**Collected material**:
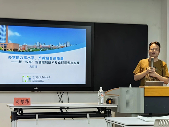 开班式后,浙江机电大学教务处长、教授刘哲纬带来了题为《高水平智能控制专业群建设的探索与实践》的专题讲座。刘哲纬教授结合浙江机电大学的实践经验,从专业群建设的背景、目标、路径等方面进行详细阐述。他指出,高水平专业群是职业教育服务产业发展的重要载体,需要打破传统专业壁垒,构建“岗课赛证”融通的课程体系。通过大量案例分析,刘哲纬教授生动展示了如何围绕区域产业需求,优化专业结构、整合教学资源,让在场干部对智能控制专业群的建设有了更清晰的思路和更深刻的认识。
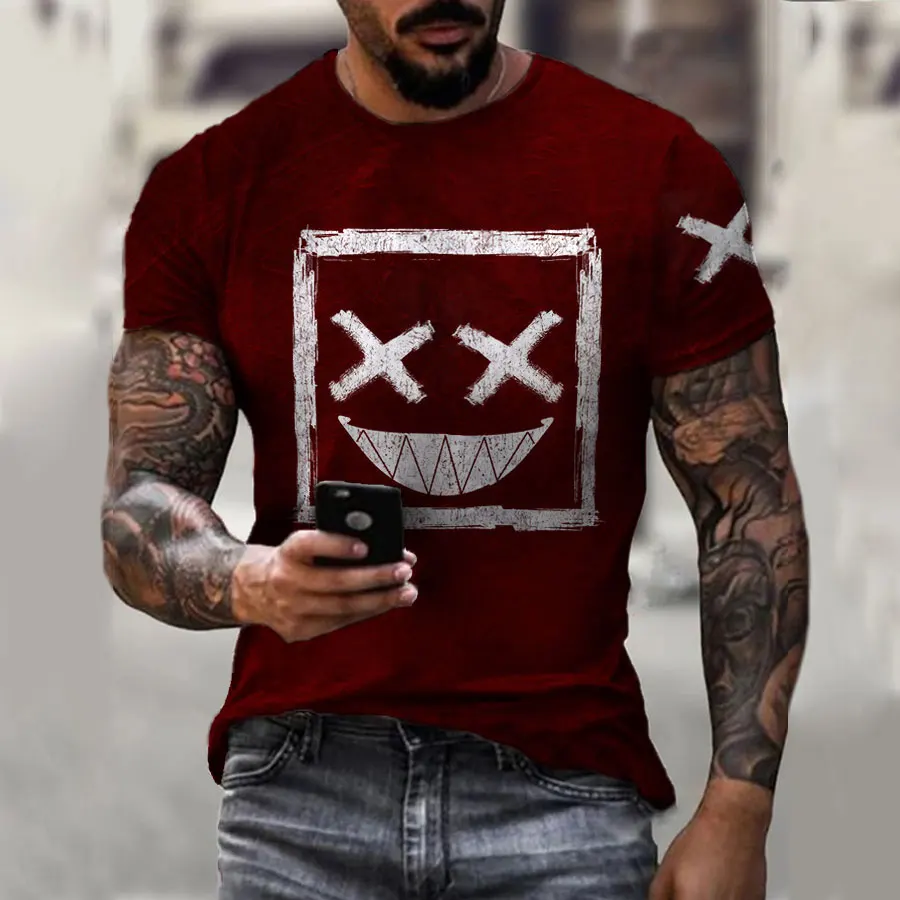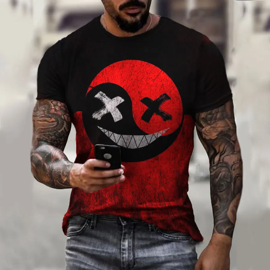 Kimi Летняя мужская модная повседневная футболка с коротким рукавом и круглым вырезом, 3d футболка со смайликом, уличная Мужская футболка оверсайз, Мужская крутая футболка
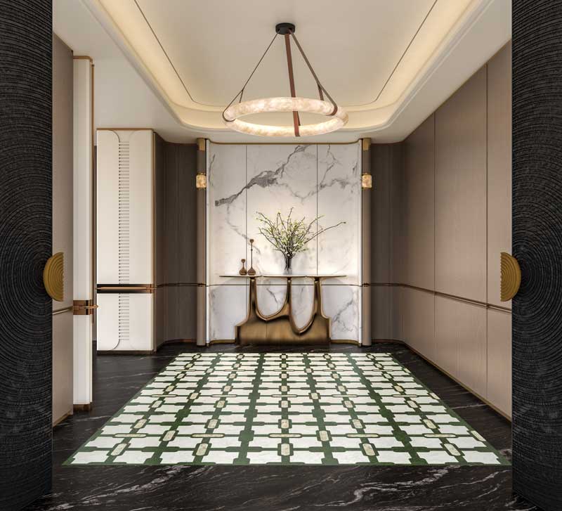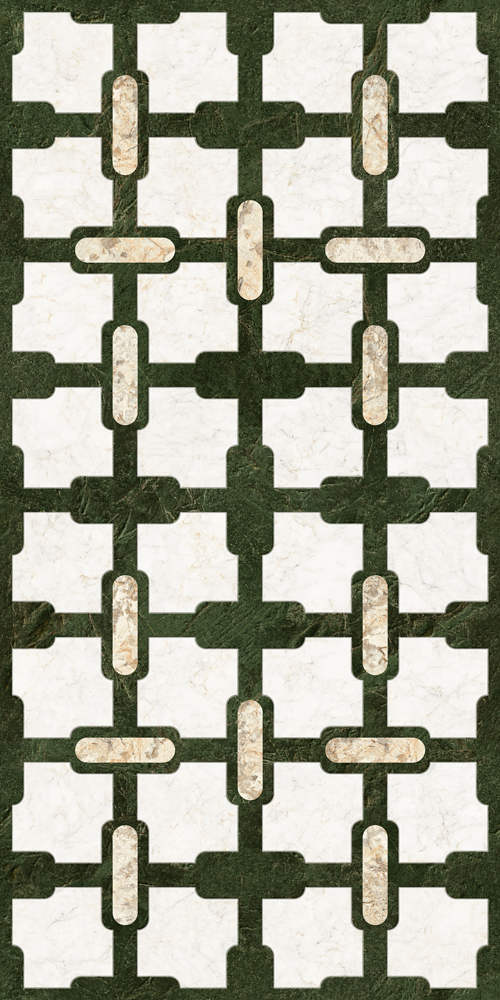 주된 짙은 녹색은 밝은 회색 천연석 무늬와 조화를 이루며, 부드러운 베이지색의 길쭉한 타원형 장식 블록으로 포인트를 더합니다. 이 모든 요소들이 어우러져 고전적인 중국 디자인의 색채 구성을 완성하는데, 이는 뚜렷한 대비를 이루면서도 조화로운 균형을 보여줍니다.

**Assignment**:
Everything in the preceding material must be transcribed exactly, except the images.

**Response**:
 开班式后,浙江机电大学教务处长、教授刘哲纬带来了题为《高水平智能控制专业群建设的探索与实践》的专题讲座。刘哲纬教授结合浙江机电大学的实践经验,从专业群建设的背景、目标、路径等方面进行详细阐述。他指出,高水平专业群是职业教育服务产业发展的重要载体,需要打破传统专业壁垒,构建“岗课赛证”融通的课程体系。通过大量案例分析,刘哲纬教授生动展示了如何围绕区域产业需求,优化专业结构、整合教学资源,让在场干部对智能控制专业群的建设有了更清晰的思路和更深刻的认识。
 Kimi Летняя мужская модная повседневная футболка с коротким рукавом и круглым вырезом, 3d футболка со смайликом, уличная Мужская футболка оверсайз, Мужская крутая футболка
 주된 짙은 녹색은 밝은 회색 천연석 무늬와 조화를 이루며, 부드러운 베이지색의 길쭉한 타원형 장식 블록으로 포인트를 더합니다. 이 모든 요소들이 어우러져 고전적인 중국 디자인의 색채 구성을 완성하는데, 이는 뚜렷한 대비를 이루면서도 조화로운 균형을 보여줍니다.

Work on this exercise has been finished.